If you have an addicted loved one (ALO), the answer almost 100% of the time is yes. Many of us have asked this question of ourselves. What is the difference between enabling and helping? The diagram above sets apart the distinct differences between the two, but emotions often cloud the judgment of the family of the addicted loved one (ALO). Many times, what appears to be the most helpful gesture you can make ends up being another mistake in the long run.
One important thing to remember is: You are not alone!
An addiction loved one’s behavior will not make sense to a family member or friend that doesn’t have addiction. Addiction is an all-encompassing disease that blinds the sufferer from reality. When you try to reason with the ALO, you become exasperated because they cannot be reached by your logic and good sense arguments. What happens over time is that the family begins to lose perspective on the situation and how bad it actually is. We just attempt to do the best we can, but often the best we can is losing in installments! If you are waiting for your loved one to hit their “bottom”, that day may not arrive before something happens that can’t be hidden by the family from the public.
Can you go on like this?
Let me ask you some questions:
- Are you just trying to keep the peace?
- Do you avoid the confrontations with the ALO because they don’t seem to do any good?
- How many days and nights have you lost in the paralyzing fear of losing your ALO? Where are they? Are you terrified when the phone rings because of what could have happened?
- Are you trying to keep your ALO from getting in legal trouble?
- Are you paying for legal issues without your ALO seeking help with their addiction?
- Are you taking care of the children of your ALO?
- Are you in fear of losing your grandchildren? Do you feel like the children are used as leverage to keep you at bay?
- Does your ALO ask you for help with anything financially? What about rent, bills, food, cigarettes, or even gas money?
- Is the ALO having trouble keeping a job?

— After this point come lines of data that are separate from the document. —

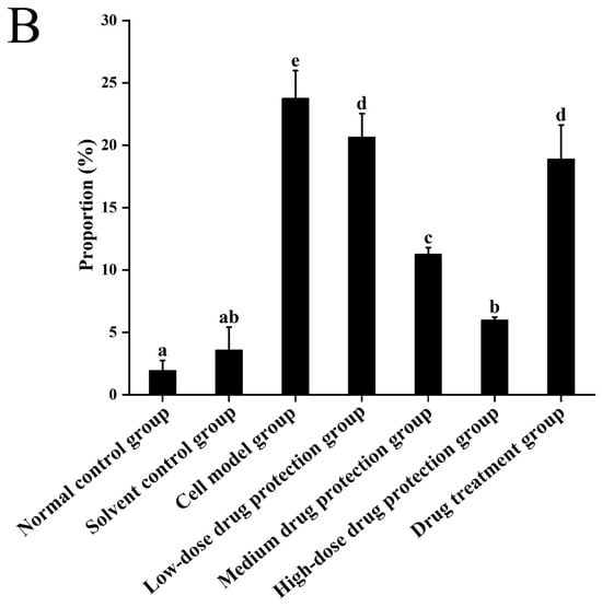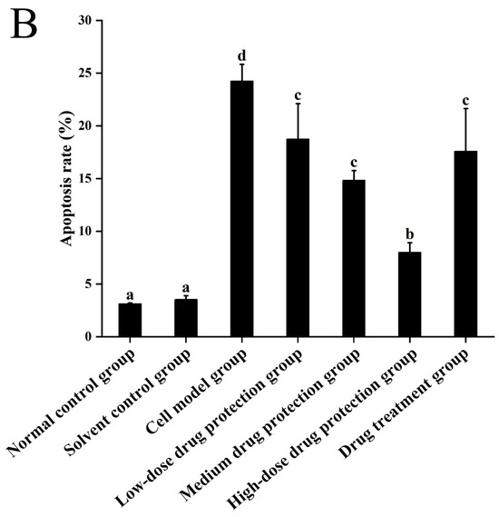 Apoptosis detection ((A): the number of apoptotic cells in each quadrant; (B): total apoptosis rate). Solvent control group: 0.3% Dimethylsulfoxide (DMSO); cell model group: cells were incubated with 1 µM Aβ1–42 for 24 h; low/medium/high-dose drug protection group: cells were pre-treated with 20/40/60 µg/mL Cyanidin-3-O-glucoside for 24 h, followed by incubation with 1 µM Aβ1–42 for 24 h, and Cyanidin-3-O-glucoside was left during Aβ1–42 incubation; drug treatment group: cells were incubated with 40 µg/mL Cyanidin-3-O-glucoside and 1 µM Aβ1–42 for 24 h, and Cyanidin-3-O-glucoside was left during Aβ1–42 incubation. Different lowercase letters indicate significant differences (p < 0.05).
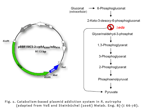 For cyanophycin synthesis only one enzyme is required, which is referred to as cyanophycin synthetase (CphA). Applications for several degradation products of cyanophycin are of special industrial and medical interest. For example, the polymer can function as an environment-friendly substitute for non-biodegradable poly(acrylic acid) or it could be a source of Asp-Arg or Asp-Lys dipeptides, which are used in pharmaceutical products. Especially for the synthesis of new dipeptides production of new cyanophycins consisting of aspartic acid with citrulline, lysine or ornithine, respectively, as side chain instead of arginine is interesting. In addition to Asp-Arg, dipeptides consisting of Asp-Lys, Asp-Cit, or Asp-Orn would broaden the application range of these compounds. To obtain different variants of cyanophycin concerning its composition, the metabolism of R. eutropha will be engineered applying metabolism-based plasmid addiction systems. These systems have been recently approved in R. eutropha and E. coli and provide a tool for stable maintenance of plasmids without using external selection pressure like antibiotics and increased cyanophycin production by recombinant expression of appropriate cyanophycin synthetases. |
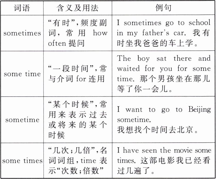 Point 5 辨析 sometimes,some time,sometime 与 some times
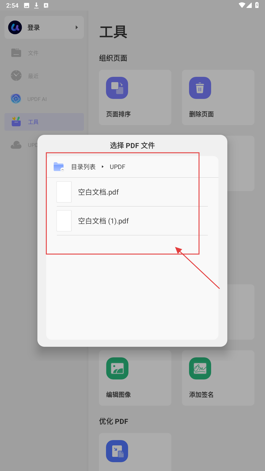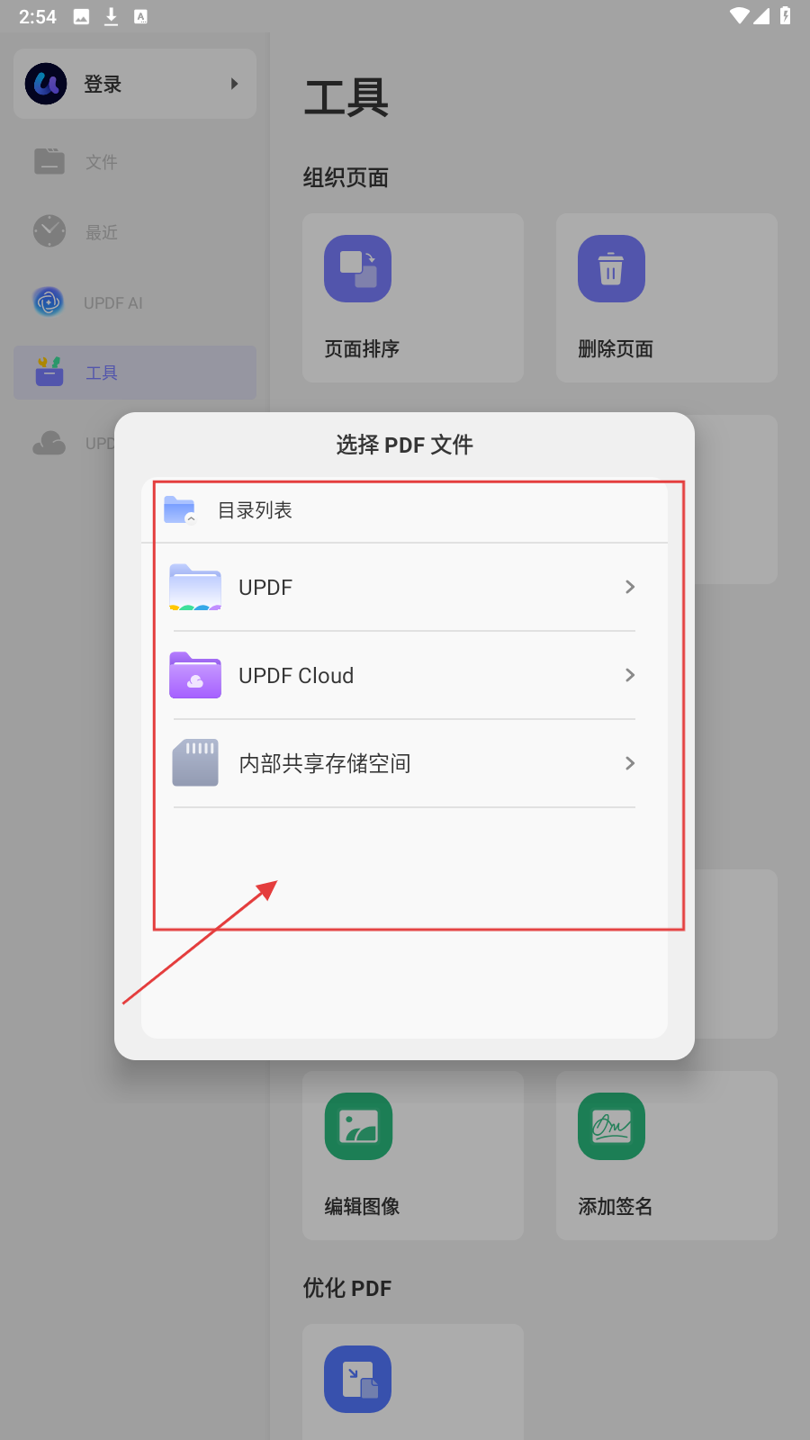 2、选择PDF文件时,可从【UPDF】【UPDFCloud】【内部共享存储空间】等目录中查找所需文件。
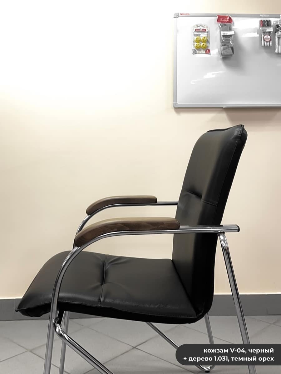 SAMBA (Самба) chrome V-04 / 1.031 Стул офисный для посетителей кожзам черный / дерево темный орех
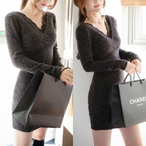 Sexy Deep V-neck Irregular Hem Sleeveless Solid Color Dress
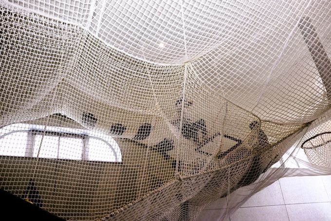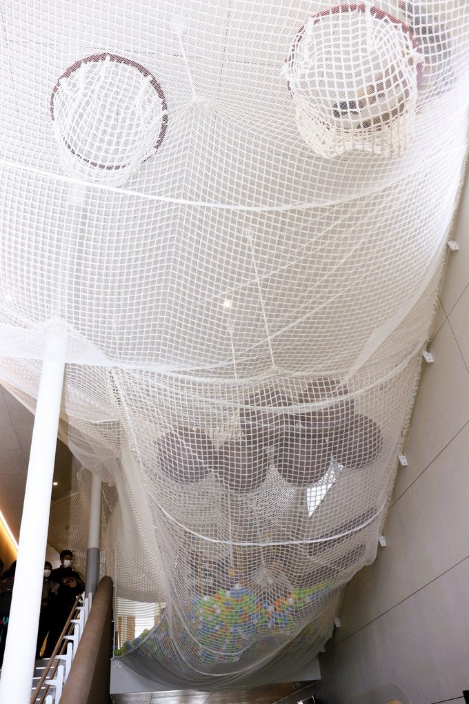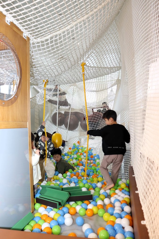 ネットは2層構造で、自由に行き来ができます。ボールが敷き詰められ、クライミングロープなどもあって飽きることなく体を動かせる工夫がいっぱいです。

Do you call in to work for them or make excuses to keep them out of trouble?
- Are you hoping that one day your ALO will grow up and become responsible?
- Are you hiding the behaviors of the ALO from other members of the family, friends, bosses, or co-workers?
- Are you lying about your ALO in any way? By omission?
- Do you feel sick inside the pit of your stomach when you agree to something the ALO asks you for?
- Are you regretfully dodging creditors for the ALO?
- Do you feel like others see you as a bad parent or spouse because of the inability of the ALO to get better?
- Do you see yourself as failing as a parent or a spouse because your ALO won’t stop?
- Do you avoid social functions out of fear or anxiety arising from fielding questions about your ALO? Do you think people are judging you if they don’t talk to you about it?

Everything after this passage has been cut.